REMPLACER (le recours aux animaux par d'autres méthodes quand c'est possible),

RÉDUIRE (le nombre d'animaux nécessaires à une étude),

RAFFINER (c'est-à-dire diminuer les contraintes imposées aux animaux).

Les projets utilisant des animaux doivent être examinés par des comités d'éthique et autorisés par le ministère de la Recherche.

Souffrances :.
Les réglementations européenne et française stipulent qu'il est obligatoire de soulager les souffrances de ces animaux, à moins que cela ne soit incompatible avec l'objet de la procédure. "Des mesures (doivent être) prises pour mettre fin dans les délais les plus brefs à toute anomalie ou à toute douleur, toute souffrance, toute angoisse ou tout dommage durable constatés qui pourraient être évités", dit notamment le décret n°2013-118.

Utilisation d'alternatives :.
Il est interdit depuis 1986 d'utiliser un modèle animal dans le cas où il existe un modèle alternatif satisfaisant sur le plan scientifique

METHODES ALTERNATIVES :

Les méthodes alternatives, largement sous-financées, constituent la bonne science :

-Recherche in-vitro (cultures de cellules, de tissus, d'organes)

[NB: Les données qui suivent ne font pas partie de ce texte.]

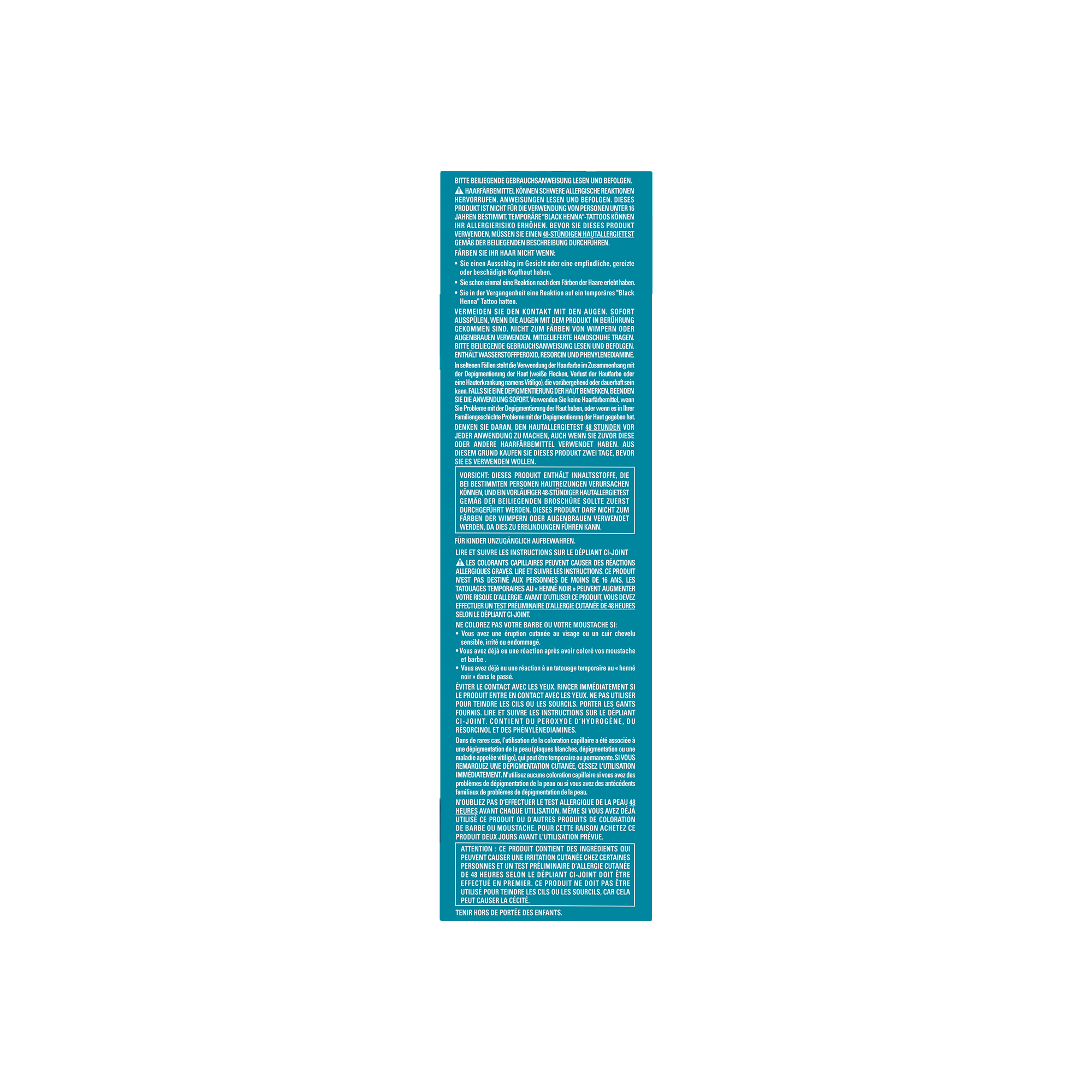 HAARKLEURSTOFFEN KUNNEN ERNSTIGE ALLERGISCHE REACTIES VEROORZAKEN. LEES EN VOLG DE INSTRUCTIES. DIT PRODUCT IS NIET GESCHIKT VOOR PERSONEN JONGER DAN 16 JAAR. TIJDELIJKE TATOEAGES MET ZWARTE HENNA KUNNEN LEIDEN TOT EEN VERHOOGD RISICO OP EEN ALLERGISCHE REACTIE. VOORAFGAAND AAN HET GEBRUIK VAN DIT PRODUCT MOET U EEN VOORBEREIDENDE HUIDALLERGIETEST VAN 48 UUR UITVOEREN, OVEREENKOMSTIG DE BIJGESLOTEN BROCHURE.

-Méthodes in silico (modélisation informatique)

-Études épidémiologiques

-Recherche clinique

-Autopsies

De plus en plus de chercheurs joignent leurs voix à celles des associations de défense des animaux pour mettre en cause la pertinence scientifique de ces méthodes.

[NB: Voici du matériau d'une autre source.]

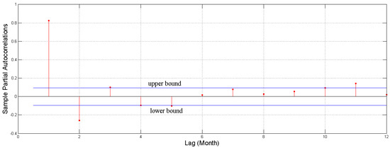 In this study, the prediction model has a “input-output” time-lag structure, where output is groudwater depth for t time step and inputs are goundwater depth in t-n previous months. Here, in order to determin the lag time n, a partial autocorrelation function (PACF) was carried out to test the correlation of the examined time series [37]. Figure 6 plots the PACF of groundwater process with 95% confidence bounds (blue solid line). The correlation pattern indicated that a strong correlation exists among groundwater depths in consecutive months, which proves the feasibility of forecasting groundwater depth using groundwater depth in previous months. Further, an autoregressive model with lag time 5 may be warranted for this time series, since there are notable partial autocorrelation for the lag 1 to 5.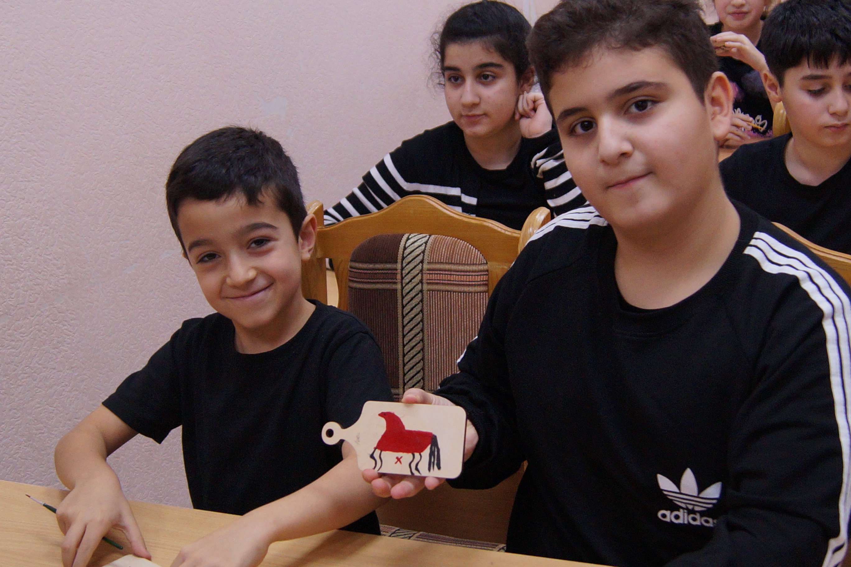 Под руководством наставника ребята учились выводить традиционные узоры – стремительных коней, красные солнечные символы и причудливые геометрические орнаменты. Каждый смог создать свой собственный, уникальный сувенир, заряженный теплом и энергией древнего искусства.

L'association Antidote Europe, qui rassemble des chercheurs éminents opposés à l'expérimentation animale pour des raisons strictement scientifiques, explique ainsi :

"Il est très important que le public apprenne qu’il n’y a pas consensus au sein de la communauté scientifique et médicale. Beaucoup de questions (dont la pertinence du « modèle animal ») font débat. C’est important parce que plusieurs réglementations dont notre santé dépend se fondent sur l’hypothèse que le « modèle animal » serait pertinent pour prévoir les réactions physiologiques humaines."

AUCUN ANIMAL N'EST LE MODÈLE BIOLOGIQUE DE L'HOMME.